Aim of the exercise:
The lines from the top of the material below through the line containing "1902 Alváca, Vata" are to be printed exactly, with pictures omitted.

-=-=-

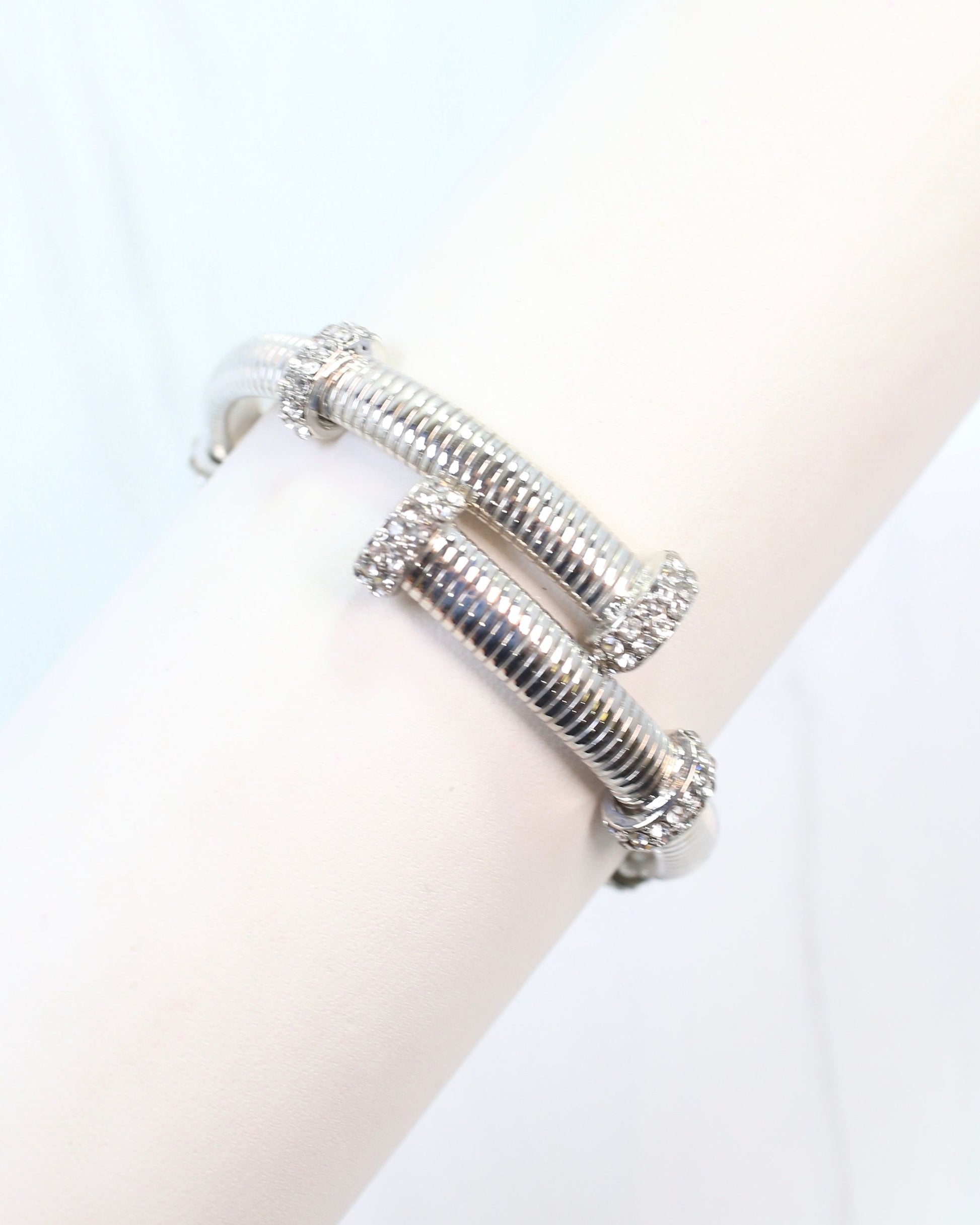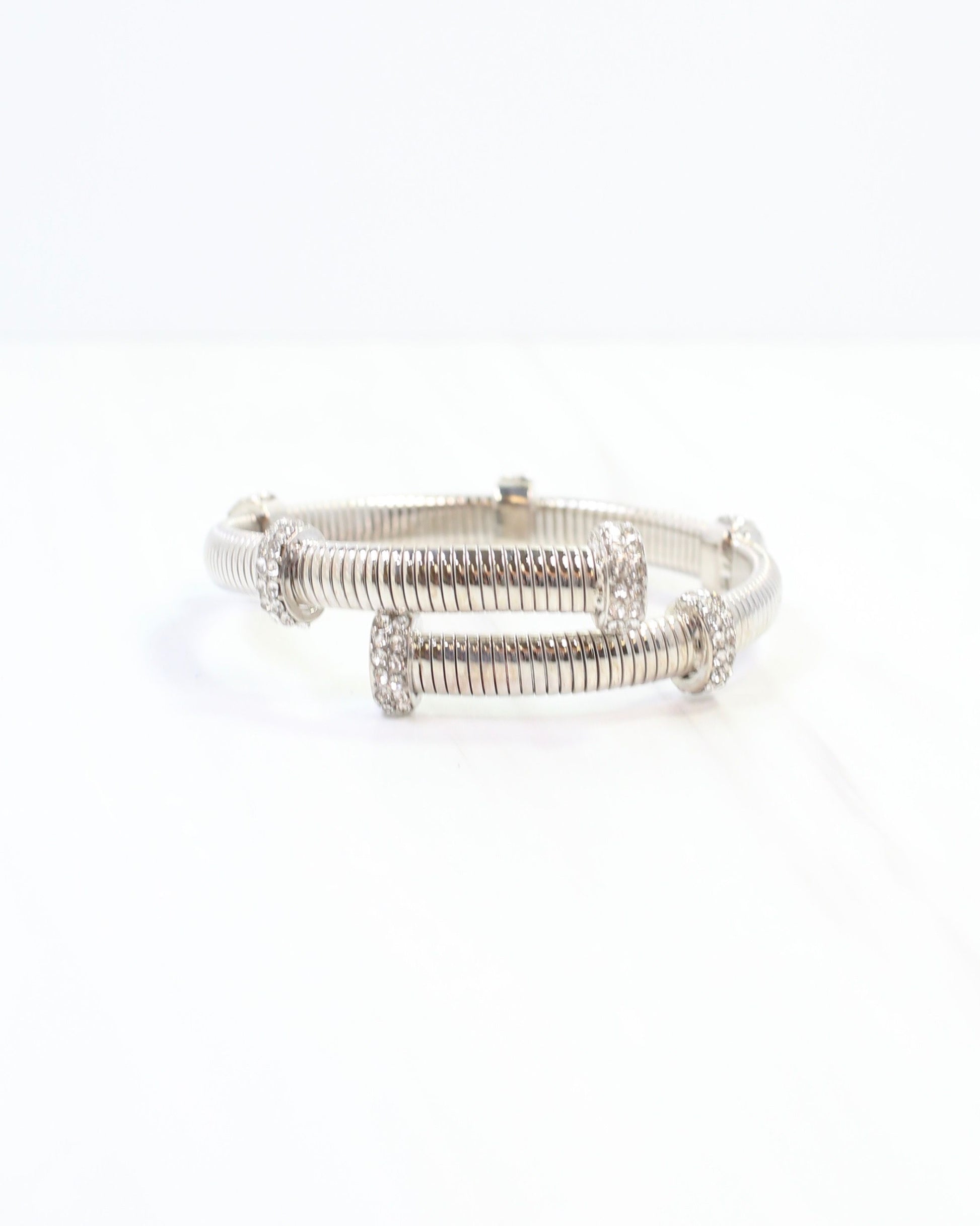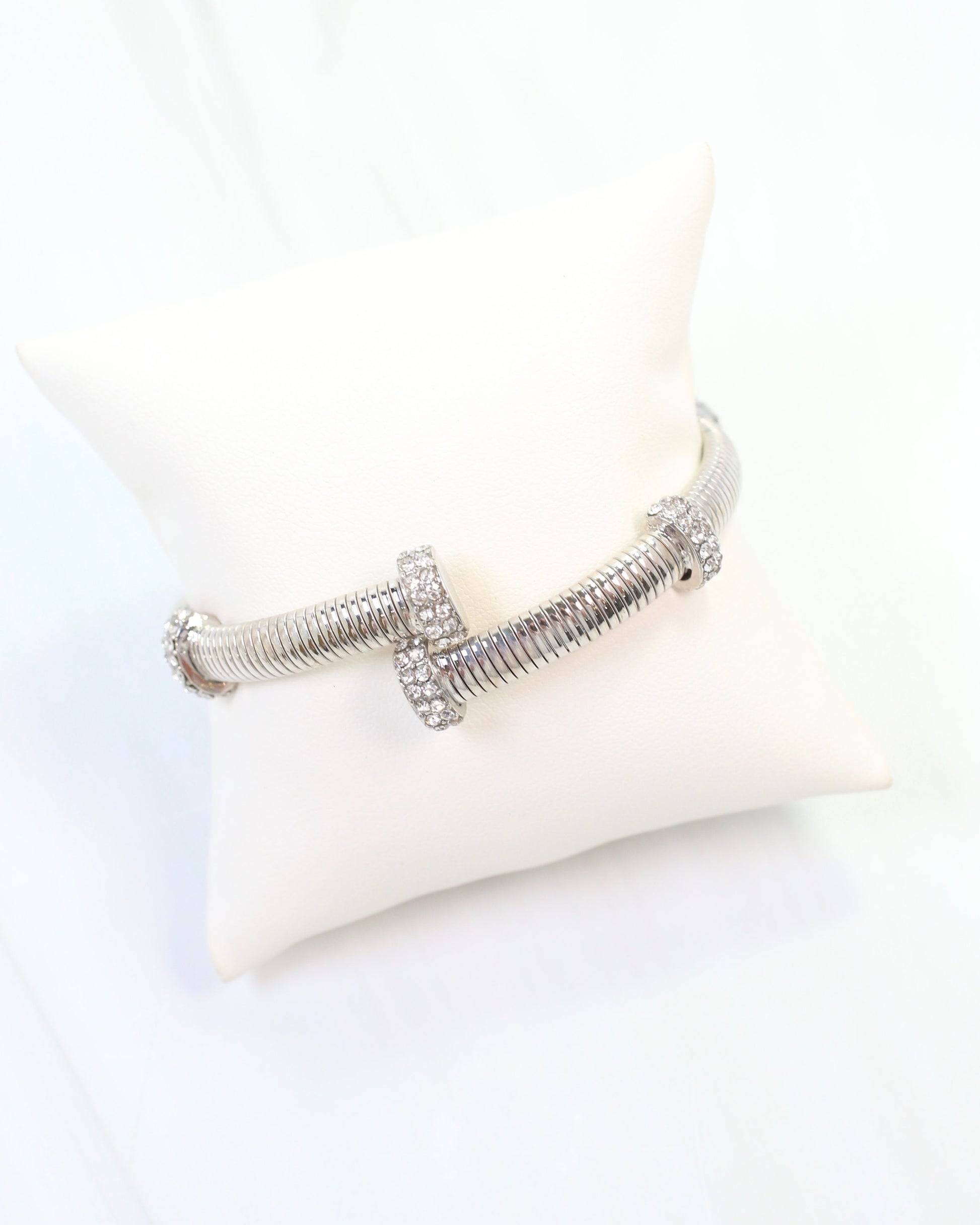 Shine bright every day with the Clayton Crystal Coil Bracelet in Silver! This flexible ribbed wide coil wraps comfortably around your wrist, sparkling with pave station details all around. It’s the perfect playful touch to add a little glimmer to any outfit, anytime.
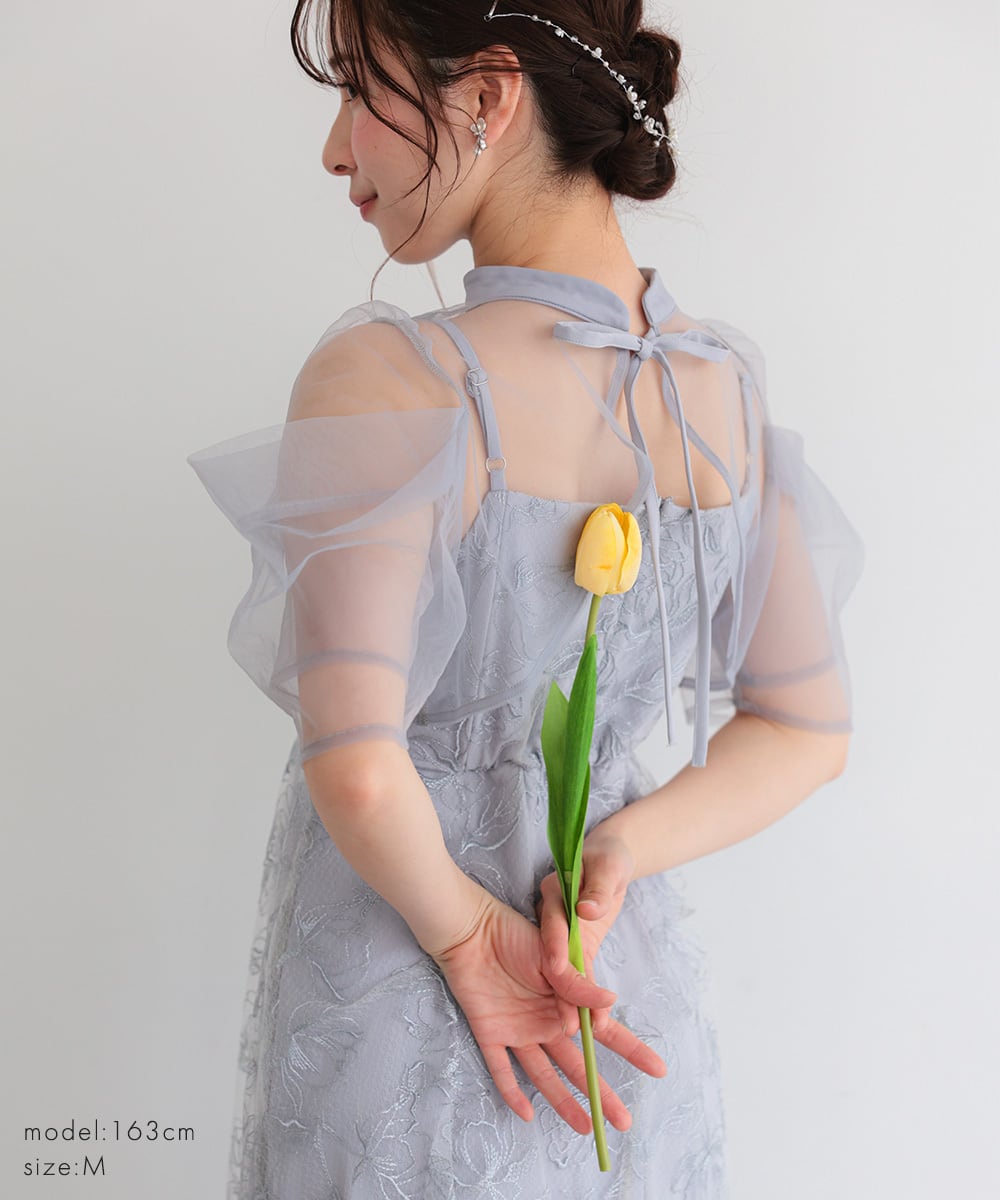 繊細な透け感のあるスリーブと、女性らしいディテールが軽やかな華やぎを演出します。
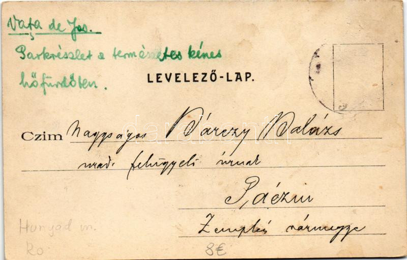 1902 Alváca, Vata de Jos (Hunyad); Természetes kénes hőfürdő park rész... https://www.darabanth.com/de/45-Gross-Auktion/45.1/Ansichtskarten/Siebenburgen~18764/1902-Alvaca-Vata-de-Jos-Hunyad-Termeszetes-kenes-hofurdo-park-reszlete-spa-park-Rb~II3435915
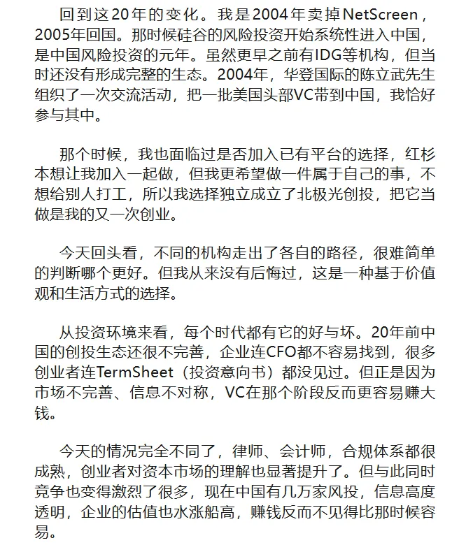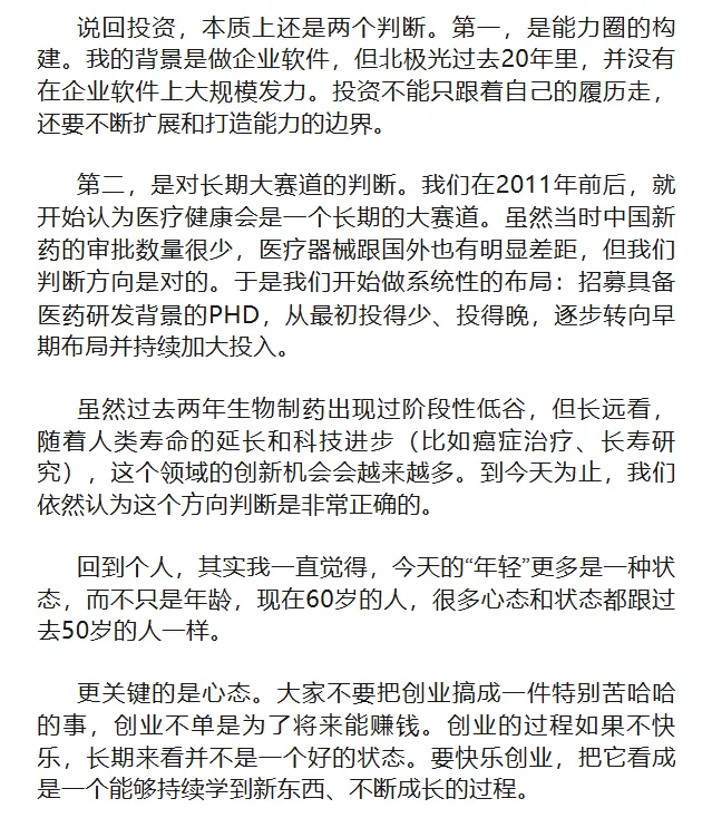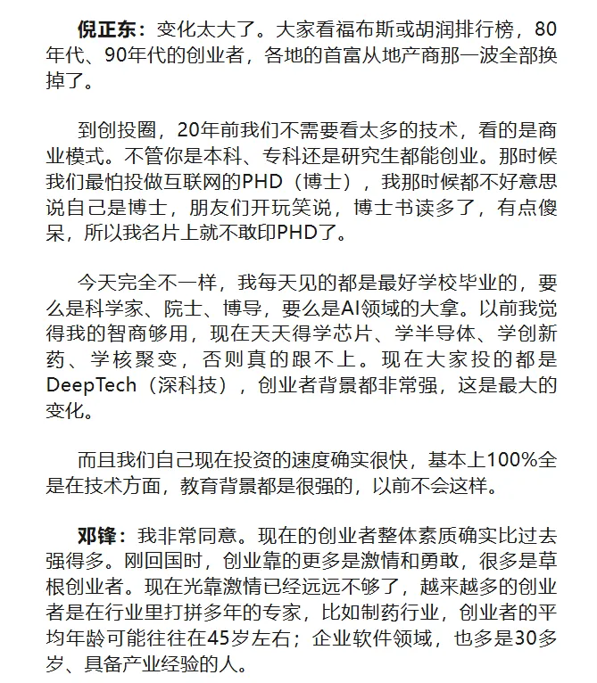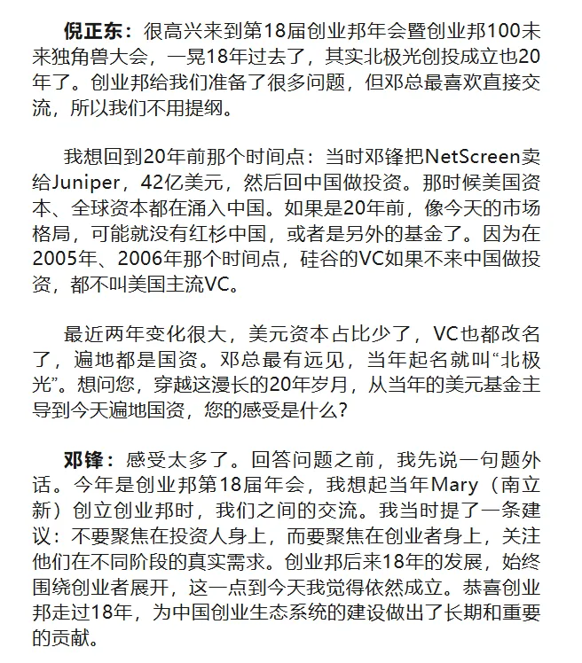 穿越二十年创投周期,中国的一级市场正站在一个新的十字路口。从美元基金主导到国资遍地,从“草根”创业到“科学家”登场,时代的逻辑已悄然重塑。在第18届创业邦年会暨创业邦100未来独角兽大会现场,北极光创投创始管理合伙人邓锋与清科集团创始人、董事长,清科控股(01945.HK)董事长兼CEO倪正东进行了一场穿越周期的深度对话。面对当下的市场情绪,倪正东给出了极具信心的判断,直言2026年将是中国资金“史无钱例”的一年;邓锋则从微观视角——企业成长切入,强调在全球化与硬科技的浪潮下,中国企业需要夯实技术和组织能力,走向全球市场,才能建立长期、可持续的竞争优势。这场对话不仅是对过去的致敬,更是对未来的精准把脉。以下是他们在第18届创业邦年会暨创业邦100未来独角兽大会上的对话实录,由创业邦整理。至于资金机构的变化,无论是国资还是美元资本,这是市场的周期变化。目前国资占主导地位,占比超过八成。但我相信只要中国持续有创新和赚钱的机会,市场化资金和国际资本会逐渐回流,这个趋势已经在二级市场和香港市场出现,未来也会慢慢传导到一级市场。倪正东:是的,我们要适应地缘政治的变化。10年前、15年前是外资VC/PE主导,今天在座的要么是GVC(政府的钱),要么是CVC(企业创投)。回顾过去,互联网和移动互联网时代,我们的GVC其实没赚过一毛钱,阿里巴巴、腾讯、字节跳动跟政府基金关系不大。但是今天,在硬科技时代,像摩尔线程、沐曦,还有做机器人的宇树科技,这些最牛的公司背后赚钱最多的都是中国政府的基金、国资的基金。这是巨大的变化。市场已经连续三年下跌,但2025年已经回暖了。对于在座的创业者,2026年将是中国资金“史无钱例”——历史上钱最多的一年。国家发改委的一千多亿、社保的两千亿,还有更多的资金正在进入市场。如果到2026年还有人说我们处在“资本寒冬”,那你绝对不是这个行业的人。因为钱太多了,融资热度可能会回到2021年。邓锋:正东,我也问你一个问题。除了投资,从你的角度看,中国企业家的画像在过去20年发生了什么变化?你怎么看中国企业家过去20年的变化?倪正东:确实。这里我一直有个好奇的问题。我看了一下北极光历年的投资数据,作为一位IT技术出身的前辈,您投资的项目中超过一半是医疗健康。在这么一个AI时代,您为什么连续好几年重仓医疗?是因为你想帅气、长寿,还是因为什么原因?邓锋:和我自己一点关系都没有,你听我这个嗓子,现在还在感冒。这也是我为什么愿意做科技投资、早期投资的原因,因为每天都可以学习到新东西,每天都在和优秀的人交流,心态自然就会保持年轻。一个企业家要想把企业做得长久,一定要有乐观的心态,同时规律运动、保持节奏、照顾好家人和自己,才能在七八十岁的时候依然精力充沛。倪正东:前几年整个行业都很焦虑,最近大家好像看清很多,而且今年跟前面不一样,2026年是非常有意思的一年,以前投资行业的战斗在春节之后,但是今年不一样,今年1月2日就有公司上市,1月元旦一过就已经投入战斗,大家都在飞行的路上。邓锋昨天从香港回来,我昨天从新加坡回来,他今天开完会马上飞杭州,我马上飞长沙,今年元旦一过,大家都在飞行的路上。这是以前从来没有见过的事。最近投资界状态好很多,大家不熬夜盯美股了(因为去美国上市的少了),打掼蛋也少了,开始忙起来了。因为去美国上市的很少,大家都是每天香港上市,一天好几个公司上市,我们去年3家公司香港上市,一下子关注香港的资本市场。在2025年上半年说香港上市,某个著名VC说谁去香港就打断腿,现在香港最近最火的minimax都买不到,香港市场一下子非常重要。而且香港对中国来说确实非常重要,在香港不叫出国叫做出境,香港是中国走向国际、连接国际资本市场最好的地方。邓锋:我也是审慎乐观的看待香港市场。一方面,整体流动性在改善;另一方面,一个很重要的因素是,国际大型资本进入香港相对更容易,以生物制药的企业为例,很多公司在上市时,引入的基石投资者都是国际上长期活跃的大型机构,无论是18A(医药)还是18C(科技),都能明显感受到资本在回流。邓锋:我想问你一个问题,我们总讲中国的企业家扎堆、同质化,很多都说风口来了追风口,投资人也是这种逻辑,往未来看,底层的投资逻辑有没有发生根本的变化,创业逻辑有没有发生根本的变化,未来十年,什么地方会发生根本变化,企业家该怎么面对这些变化?企业家有时候要意识到,并不一定要扎堆去做大模型、拼算力、比谁融资多。真正有价值的机会,往往存在于那些相对不被关注的“非共识”领域。举个例子,在AI的基础设施层面,中国面临的现实问题和美国并不完全相同,这意味着中间有很多重新设计和改造的机会。比如专门做涡轮电机叶片的公司,你会发现它们估值涨得很快,为什么?因为这跟AI算力的能源相关。这种隐形的机会很多。另外关于上市,我自己也在持续思考。过去我们做投资,更强调企业的内生成长,对政策因素关注相对有限。但未来十年,中国的资本市场可能会持续带有政策性指导,企业家要学会根据国家重点支持的产业方向调整成长路径和策略。至于是在香港、美国还是A股上市,起步时不用太纠结,先发展业务,随着企业成长,再结合政策环境和市场条件,选择更合适的上市或退出路径。倪正东:感谢邓锋
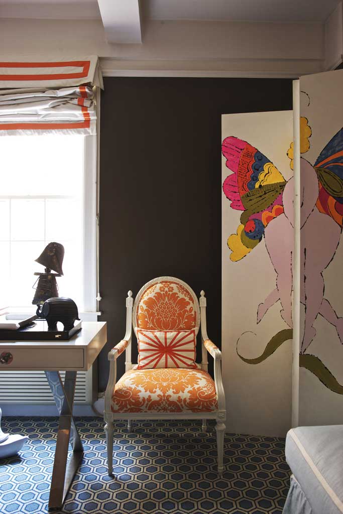 While there are zig-zags and spirals in zingy blue on his carpets, and a spread of pink paisley for a ping-pong table top, his New York home really reveals an enduring love for eye-popping citric orange and green: "Those are perennial favourites," he concedes. "Orange is the colour of sun and happiness; lime-green is an instant palate cleanser."
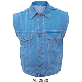 Mens 100% Cotton Blue Denim Vest W/Collar: Automotive
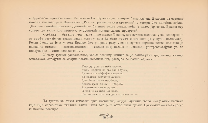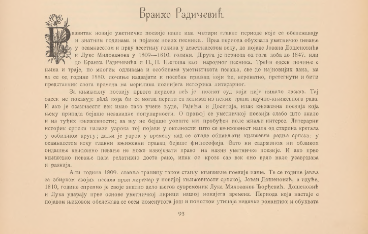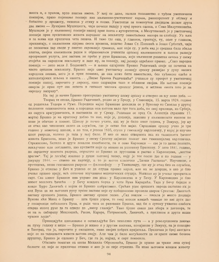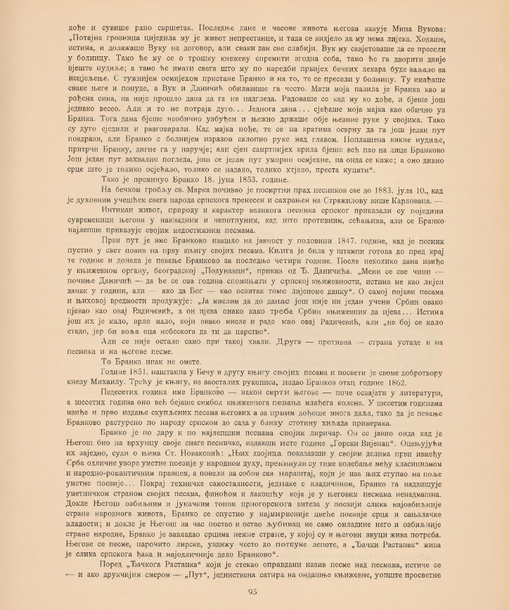 Meni se sve čini da će se ova (1847) godina spominjati u srpskoj književnosti, istina ne kao lijep danak u godini, ali – ako da Bog – kao osvitak tome lijepome danku. Ovo sam počeo slutiti kako sam čuo za “Novi Zavjet” da se sprema svojijem istinitijem vidjelom i Srbina da obasja. I zaista se moja slutnja sve više navršuje, jer dosad različne prilike, i lijepe i dosta ih, proletješe više Srba po nebu vedrome. Ja nijesam sad dokolan da ti ih ovdje sve nabrajam; ako nijesi spavao, ti si ih vidio, a ako si spavao, muči se sad i raspituj, ne bio se lijeniti. Ali ću ti jednu takvu priliku kazati koju mi ovdje od nekoliko dana gledamo, a kod vas se još ne vidi. Ta je prilika: Pesme Branka Radičevića. Ja mislim da do danas nije nijedan učeni Srbin ovako pjevao kao ovaj Radičević, a on pjeva onako kako treba Srbin književnik da pjeva. Osim toga, u ovoj se knjizi na nekoliko mjesta udarila prava naša sreća sa nesrećom našom, pravi napredak naš sa našom pogibli. – Još je u knjizi ovoj jezik kao suza, čist. Istina, još ih je malo, vrlo malo, koji ovako misle i rade kao ovaj Radičević, ali “ne boj se malo stado, jer bi volja oca nebeskoga da ti da carstvo.”

-=-=-

Finished task:
 Shine bright every day with the Clayton Crystal Coil Bracelet in Silver! This flexible ribbed wide coil wraps comfortably around your wrist, sparkling with pave station details all around. It’s the perfect playful touch to add a little glimmer to any outfit, anytime.
 繊細な透け感のあるスリーブと、女性らしいディテールが軽やかな華やぎを演出します。
 1902 Alváca, Vata de Jos (Hunyad); Természetes kénes hőfürdő park rész... https://www.darabanth.com/de/45-Gross-Auktion/45.1/Ansichtskarten/Siebenburgen~18764/1902-Alvaca-Vata-de-Jos-Hunyad-Termeszetes-kenes-hofurdo-park-reszlete-spa-park-Rb~II3435915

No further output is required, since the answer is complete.